Japanese and foreign media observers agree that the pressures visibly placed on journalists in Japan can seem quite tepid by international standards.


True.

Then why did Reporters Without Borders lower Japan’s place?


A dramatic example of this was exposed in March 2015, when one of Japan’s biggest networks, TV Asahi, removed Shigeaki Koga, an ex-Trade Ministry official turned sharp-tongued TV commentator, from its Hodo Station evening news program.
Koga drew the administration’s ire when he protested its ineffective handling of a hostage crisis in Syria on air by holding up a placard in January 2015 that read “I’m not Abe.”



However,


Koga's resignation was already settled on October or November at the latest in 2014, long before he held up a placard in January 2015 that read “I’m not Abe.” Koga is not a a regular member in the first place. Besides, the Koga's appearance on the program achieved the lower audience.

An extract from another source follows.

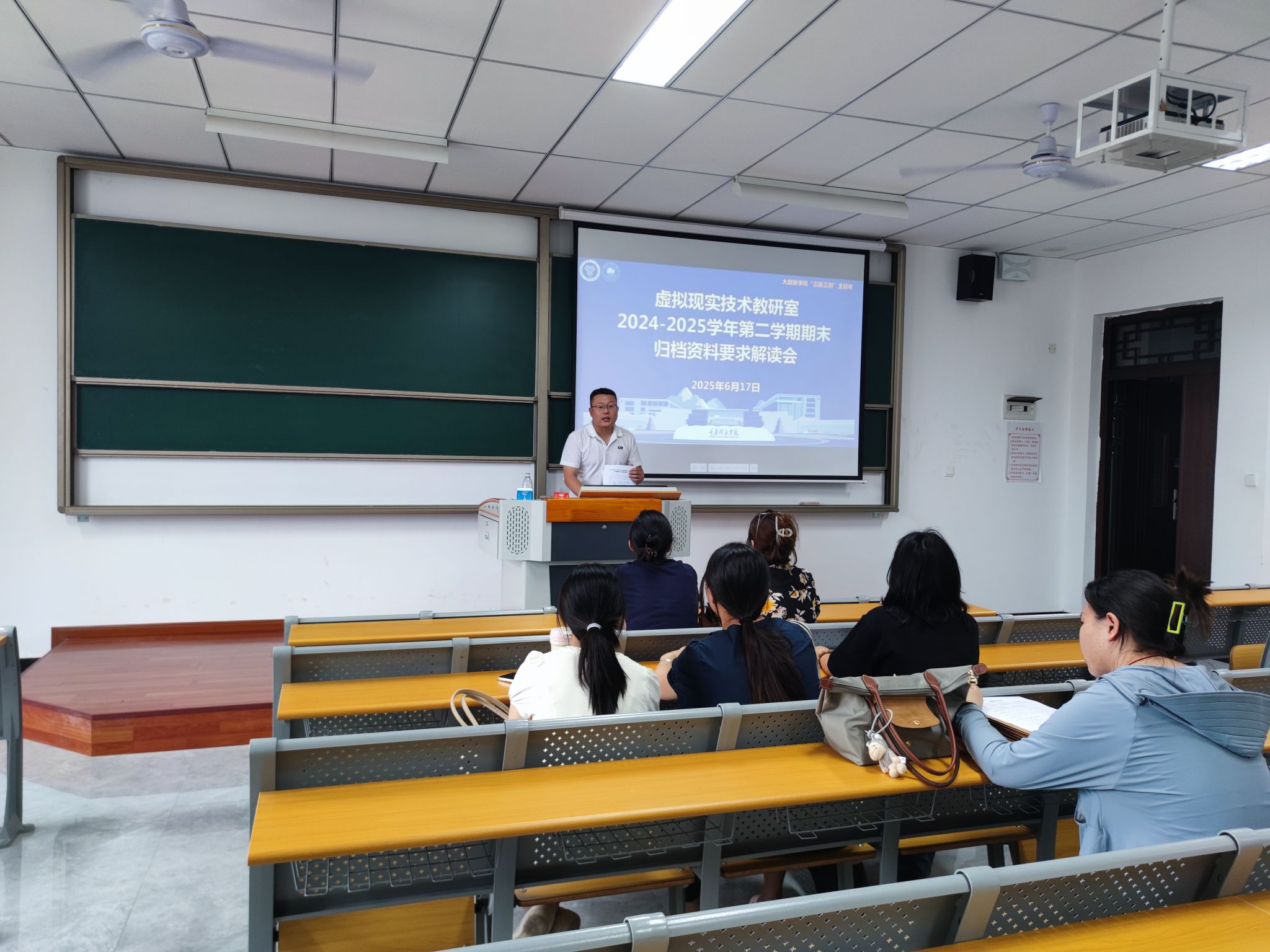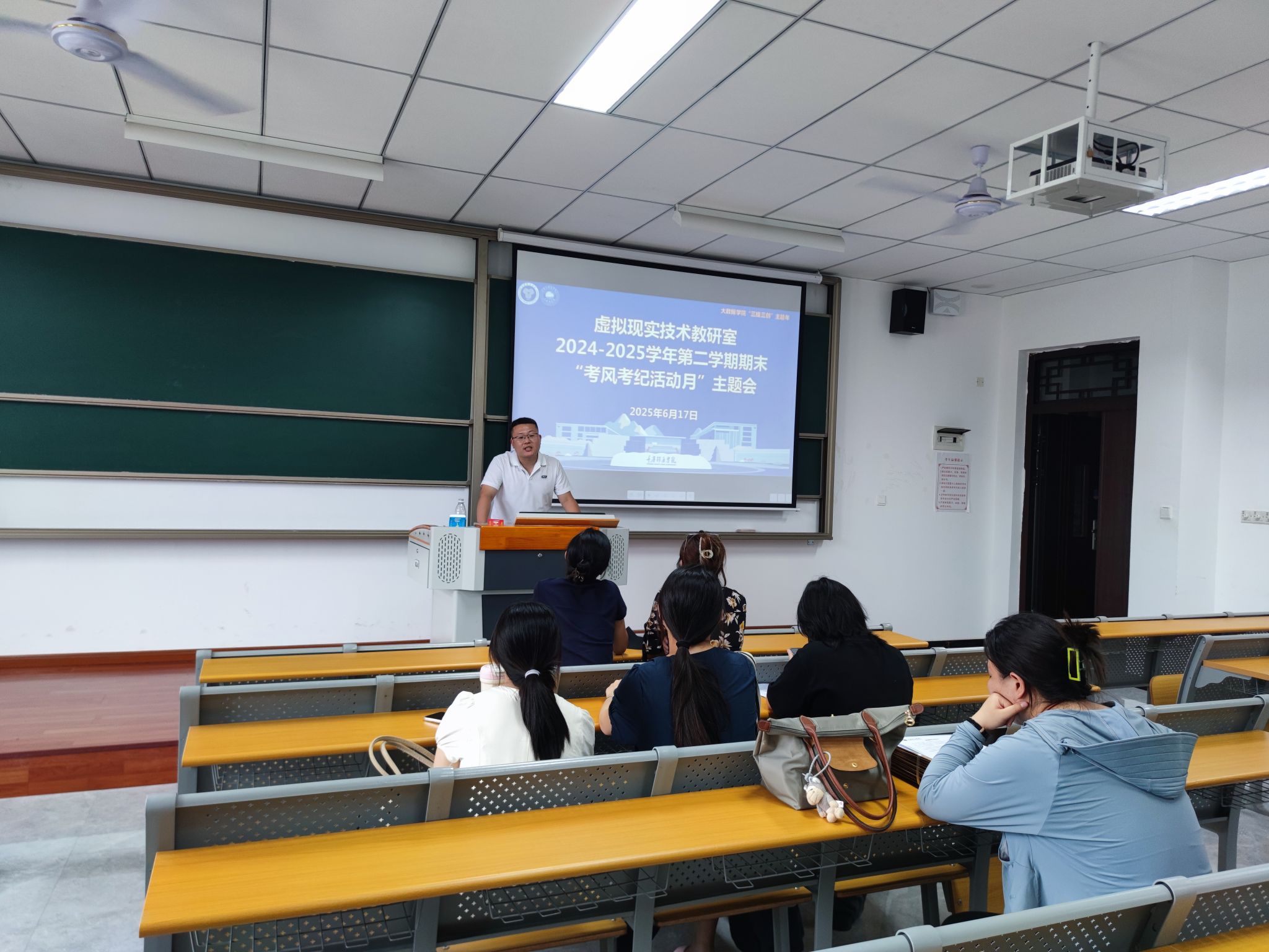 2025年6月17日下午4点,虚拟现实技术教研室在勤者楼410召开期末专题会议,会议由教研室主任闫攀主持,全体教师围绕教学档案归档、考风考纪及学习《一个人的路途也不孤独》展开研讨。

Asked specifically what pressure from the government he got, he couldn't give any instances.



What has been worrying, however, is the willingness of major Japanese media to silence themselves in response to a level of behind-the-scenes chiding by Abe administration officials that most U.S. journalists would probably just laugh off.



Then I wonder why American journalists have been silencing themselves in response to the allegation from the ex-comfort women for U.S. military and feminists that Korea and U.S. military exploited Korean sex slaves just the same way Japanese military exploited?


政府の圧力の証拠がないんで、メディアの文化論みたいのに焦点がかわりつつあるんでしょうね。


面白いのは、タブチ記者がアメリカに行って、アメリカの性奴隷問題について報告すると言っていたのできずに、日本企業についての批判的報道をさせられている。

英米記者だって、日本にいて英米の政府や企業について批判してもいいのに、そうしたものは皆無ーーー全くの沈黙を貫いている。

彼らの方がよほど、ナショナリスティックだと思いませんか。その程度は産経以上。